Ownership

What's worth owning is relative

The last thing I wrote argued that some assets are worth owning and most aren't. An audience. Trust. Distribution. The things that don't fall in price when building does.

That's true, but it's only half the picture, and the missing half is the more interesting one.

Worth isn't a property of the thing. It's a relationship between the thing and the person standing next to it.

The same asset is gold to one person and dead weight to another. A dormant newsletter with four thousand subscribers is a chore to the founder who's lost interest and a launchpad to the operator who has a product those four thousand people would buy. Nothing about the asset changed. The person next to it did.

This is the part of dealmaking nobody quite says out loud. You're not hunting for things that are valuable. You're hunting for things that are valuable to you and cheap to whoever's holding them. The gap between those two numbers is the entire game.

Which means the edge isn't capital, and it isn't even taste. It's recognition and speed. Seeing what something is worth in your hands before the seller does, and moving before the next person sees it too.

Let me make that concrete, because in the abstract it sounds like a platitude.

A micro-SaaS doing four hundred a month is going nowhere for its founder, who built it, got bored, and stopped marketing. To someone who already runs a product in the same niche, it isn't a four-hundred-a-month business. It's a customer list, a working integration, and a competitor removed – bolted onto distribution that already exists. Same numbers on the listing. Completely different worth.

A failed marketplace that never reached liquidity is worthless as a marketplace. But the seller spent two years building supply relationships, and to someone launching into that exact space, the supply side is the hard part they were dreading. They're not buying the marketplace. They're buying the year of relationship-building they'd otherwise have to do themselves.

A content site gutted by an algorithm change is a falling knife to most buyers. To someone who knows the niche is about to matter again, or who has an email strategy that doesn't depend on search at all, the traffic collapse is the discount, not the problem. The crowd sees a dying asset. They see mispriced inventory.

An expired domain is the cleanest version of this. Inert to almost everyone. Perfect to the one person building the thing it exactly names.

It scales up further than people think. A small team that's poured two years into a startup that never quite took off will often conclude there's nothing to sell. They never registered a company, or they did and it's dormant, and "exit" sounds like a word for other people with lawyers and term sheets. So they walk away and let it rot. But the thing they built – the code, the users, the integrations, the two years of hard-won understanding of a problem – is exactly what someone in an adjacent space would pay real money to skip ahead and own. The team couldn't see an asset because they were looking for a company. There wasn't a company. There was an asset the whole time, and it was worth most to someone who wasn't them.

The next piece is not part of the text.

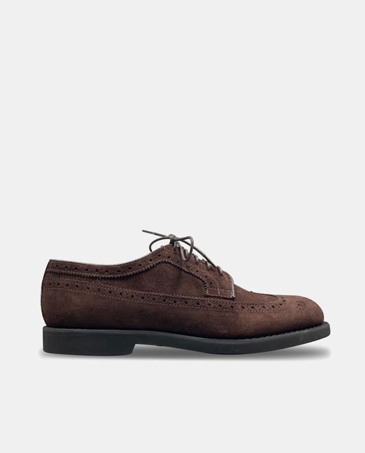 Sapatos de Atacadores Wingtip com Detalhe de Perfurações, Sola de Borracha e em Camurça - Castanho-Escuro

In every case the asset sat there meaning one thing to its owner and something entirely different to the right buyer. The skill was never spotting value in the abstract. It was spotting the mismatch – and being quick enough to act on it before the mismatch closed.

That's why "what's worth owning" can't be a fixed list. The list shifts depending on what you already hold. If you've got distribution, you should be looking at every undistributed product as half-finished in your favour. If you understand a niche better than the market does, every asset the market has written off in that niche is a question worth asking. Your existing position is the lens that makes some things look like treasure and others like junk – and the same object can be both, to two different people, on the same Tuesday.

So the real work isn't building a portfolio of obviously good things. Obviously good things are expensive, because everyone can see them. The work is knowing your own position well enough to recognise what's underpriced from where you stand.

The opportunity is rarely the thing everyone agrees is valuable.

It's the thing only you can see is valuable to you.